Starting at the first line of the data and ending at the line with "Comparison of SSE", copy each line exactly. Include both of those lines, but no pictures.

══ Supplied data ══

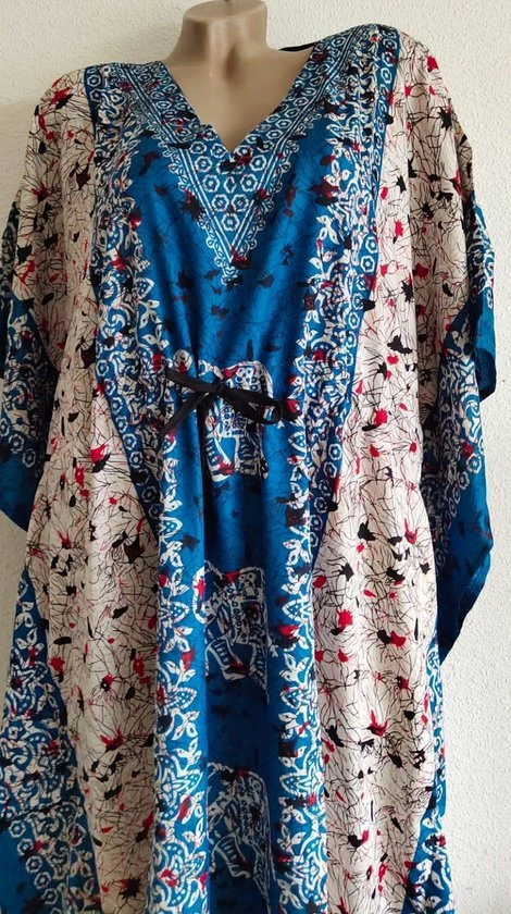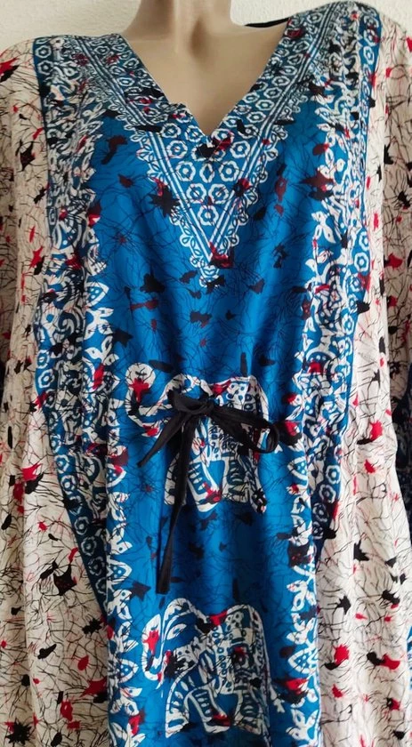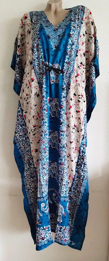 Een heel mooie kaftan met prachtige opdrukken en een aantrekkoord voor jong en oud. De kaftan draagt heel luchtig en zeer comfortabel. Het materiaal van de kaftan voelt ook lekker aan en is van 100% viscose. De lengte van de kaftan komt tot aan je enkel en is 130cm lang en 82cm breedt. De maat valt naar 36-50. Wasbaar op 30 graden. Of met de handwas.
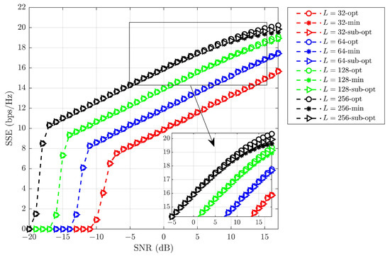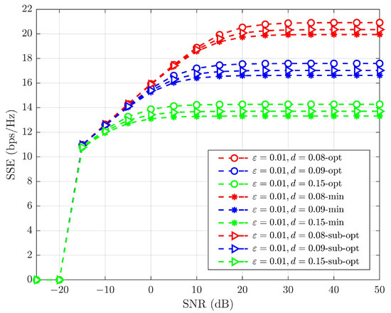 Comparison of SSE (bps/Hz) for optimal, sub-optimal, and minimum limit cases for varying at 15 dB SNR.
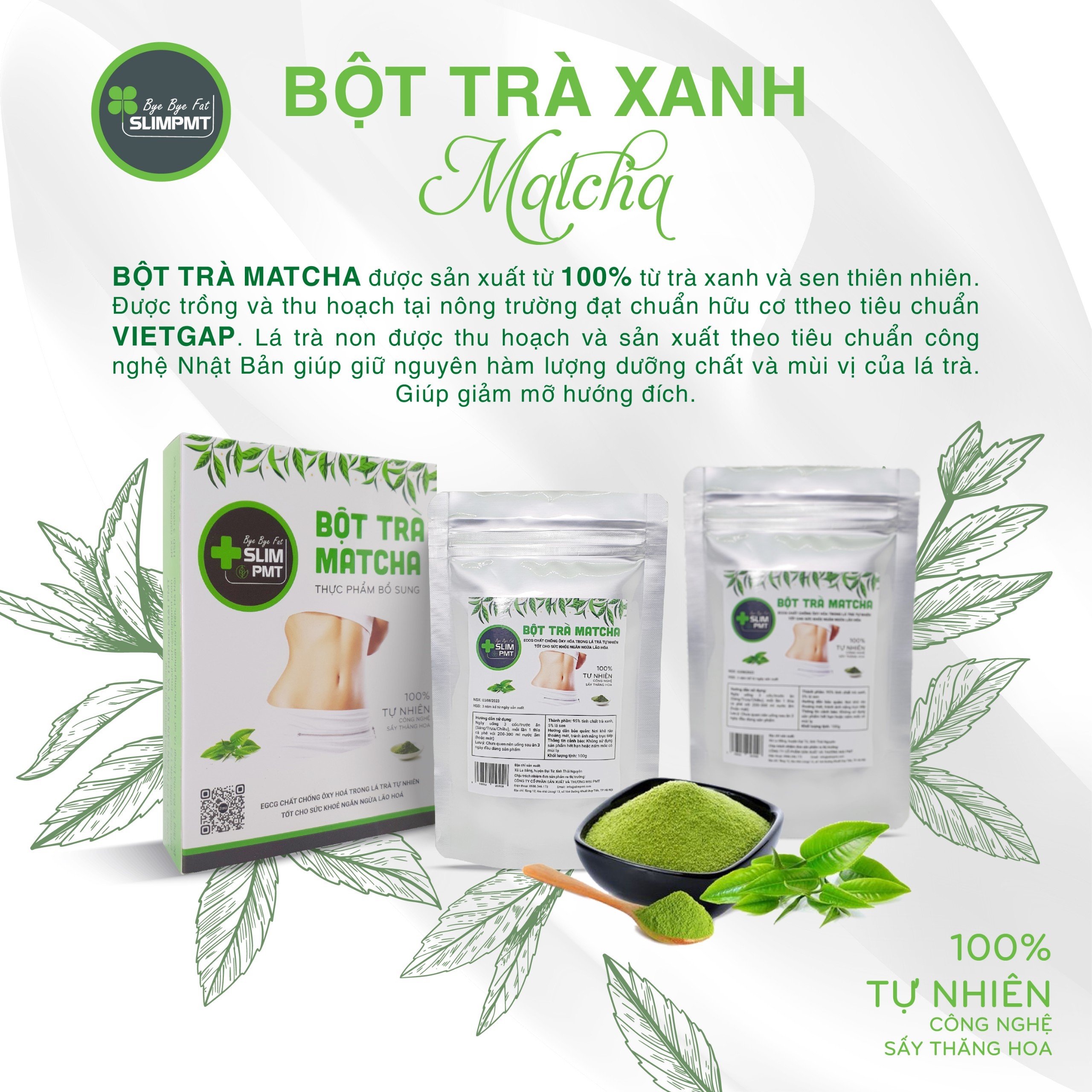 Bột trà xanh Matcha được sản xuất 100% từ trà xanh và sen thiên nhiên.
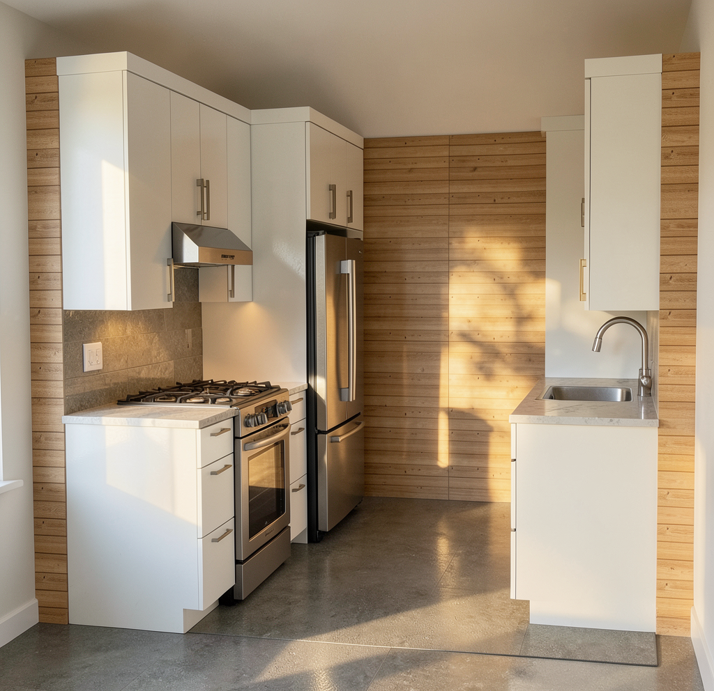 hyper realistic architectural photography high end interior design soft natural sunlight streaming through windows long soft shadows subtle ambient artificial lighting dimmable warm led accents realistic textures 8k resolution highly detailed shot on phase one xf global illumination raytraced reflections clean minimalist aesthetic lock all previous settings subject add some food and european people in this picture
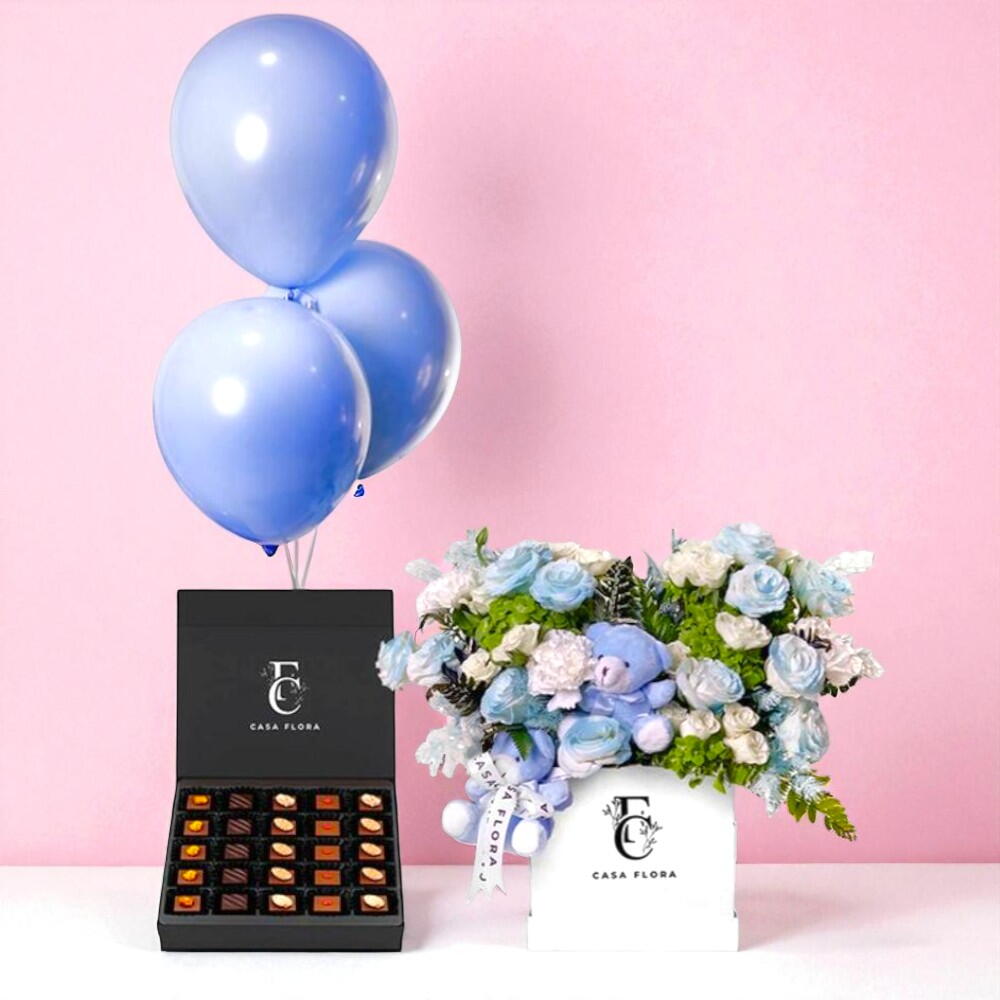 globos azules - 3 ud. rosas rosa pastel - 10 ud. una dulce combinación de un tierno osito de peluche - 2 ud. pequeña caja de chocolates - 400 gr

═══

→ Task result:
 Een heel mooie kaftan met prachtige opdrukken en een aantrekkoord voor jong en oud. De kaftan draagt heel luchtig en zeer comfortabel. Het materiaal van de kaftan voelt ook lekker aan en is van 100% viscose. De lengte van de kaftan komt tot aan je enkel en is 130cm lang en 82cm breedt. De maat valt naar 36-50. Wasbaar op 30 graden. Of met de handwas.
 Comparison of SSE (bps/Hz) for optimal, sub-optimal, and minimum limit cases for varying at 15 dB SNR.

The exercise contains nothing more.